Isso mesmo. Continue a por a culpa dos seus fracassos nos outros. Continue a fazer-se de coitadinho. Mas não estranhe quando as pessoas começarem a se afastar, não se aborreça se as “rodinhas” se dispersarem quando se aproximar delas, não se amargure se todos forem convidados para a festa e você não. Afinal de contas, você é auto-suficiente não é verdade? Não precisa mesmo de ninguém…

Talvez você até goste da solidão, ou não queira ninguém por perto. Talvez ache que ninguém tem o seu nível. Mas não se esqueça de uma coisa: você envelhecerá, suas forças irão diminuir, e um dia, dará tudo que tem para ter alguém ao seu lado. Pense no seguinte: se desacostumar de conviver com as pessoas agora, daqui a algum tempo não saberá mais como se dar bem com ninguém. Então, quando for para o asilo, (se puder pagar por isso, ou achar alguma alma boa que tenha pena de você para colocá-lo lá), os seus próprios companheiros o evitarão.
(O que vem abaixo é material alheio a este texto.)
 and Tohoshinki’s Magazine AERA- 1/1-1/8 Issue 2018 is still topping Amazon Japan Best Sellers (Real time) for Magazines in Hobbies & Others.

Ficará num canto, abandonado, calado, ranzinza, ruminando o quanto o mundo é mau e cruel. Jogará damas, cartas, xadrez, tudo sozinho, porque nem os seus próprios companheiros conseguirão suportar a sua rabugice. Logo se dará conta também que não tem ninguém com quem conversar.
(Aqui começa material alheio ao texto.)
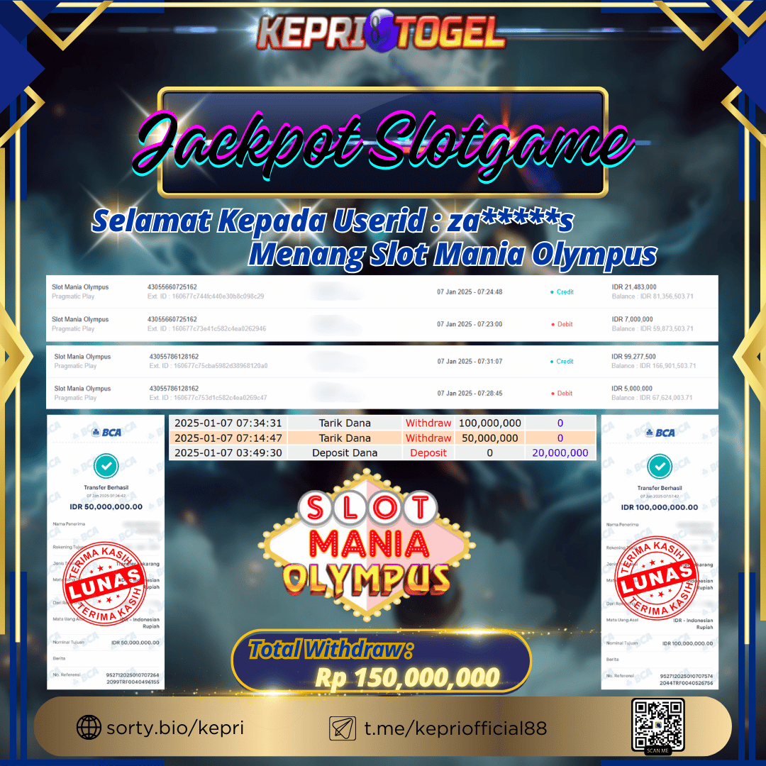 Kepritogel Jackpot Slot Mania Olympus Rp150,000,000

Quer que continue? Não? Então talvez seja a hora de pensar seriamente em mudar a forma de pensar e de viver. Comece por mudar as representações mentais que faz do mundo. Isso é mais fácil do que mudar de emprego, trocar de esposa (o), fazer novos amigos, etc. Mexa nas cores, no foco, no brilho, no volume e na modulação do som; regule a temperatura, suavize a textura, aproxime ou afaste-a de você, enfim, trate a imagem que se forma em sua mente de uma maneira que ela lhe provoque estados internos que inspirem alegria, confiança, boa vontade, entusiasmo, disposição, fé, esperança, enfim, estados que fortaleçam a sua vontade de viver, produzir e fazer uma diferença no mundo.
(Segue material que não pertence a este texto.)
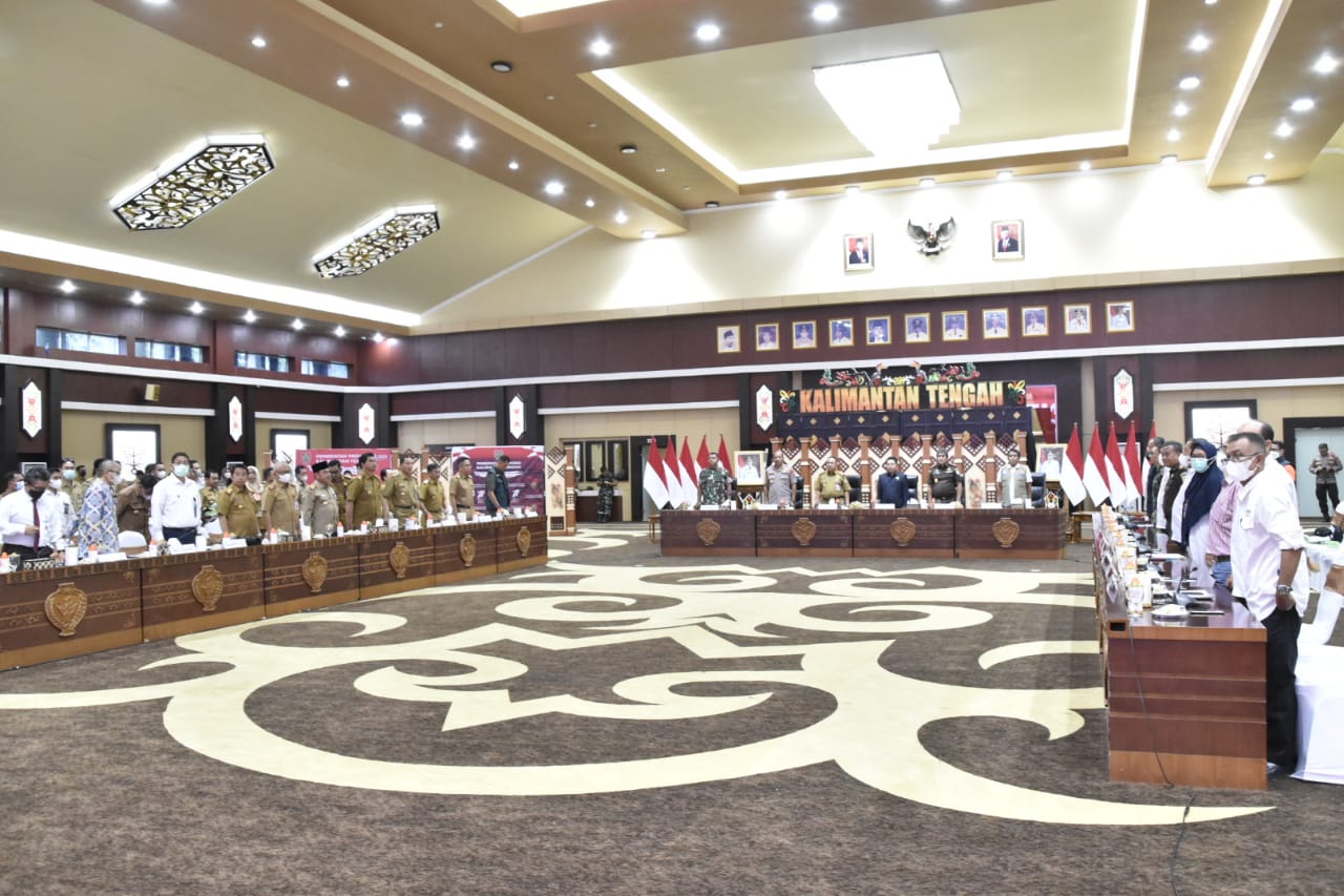 Turut hadir Deputi Bidang Penanganan Darurat BNPB Mayjen TNI Fajar Setyawan, Ketua DPRD Wiyatno, Sekretaris Daerah H. Nuryakin, Kapolda Kalteng Nanang Avianto, Danrem 102/Pjg Brigjen TNI Yudianto Putrajaya, Kajati Kalteng Pathor Rahman, Kepala OJK Kalteng Otto Fitriandy, Plt. Kepala Kantor Perwakilan BI Magfur, Asisten Bidang Perekonomian dan Pembangunan Leonard S. Ampung, serta Kepala Perangkat Daerah Prov. Kalteng terkait. (Rkh/Foto:Asep)

Pense em ajudar alguém que esteja em condições menos favoráveis que as suas. Você se espantará em descobrir quanta gente está nessa condição e talvez resolva agradecer a Deus pelos recursos que Ele lhe deu e você está desperdiçando com suas atitudes mentais negativas. Já ouviu falar daquele sujeito que vivia reclamando da vida porque não tinha sapatos e ao virar uma esquina topou com alguém que não tinha pé? Pois é assim mesmo que as coisas são. Não gaste a preciosa energia da sua mente pensando no que não tem. Gaste-a pensando em como poderá tê-las. Sobretudo não se esqueça que o degrau na vida em que você está pode não ser o mais alto, mas só será o mais baixo se você mesmo se colocar nele e se conformar em permanecer ai.

Tenha certeza de uma coisa: este não é somente mais um discurso otimista de um adepto da filosofia do pensamento positivo. É o testemunho de alguém que já viu essas coisas acontecer com ele mesmo e que também já fez acontecer com outras pessoas. É simplesmente impressionante o que uma reorganização do nosso mundo interno pode fazer. Experimente. Não tenha medo. “Veja se funciona com você da mesma forma que funcionou comigo.”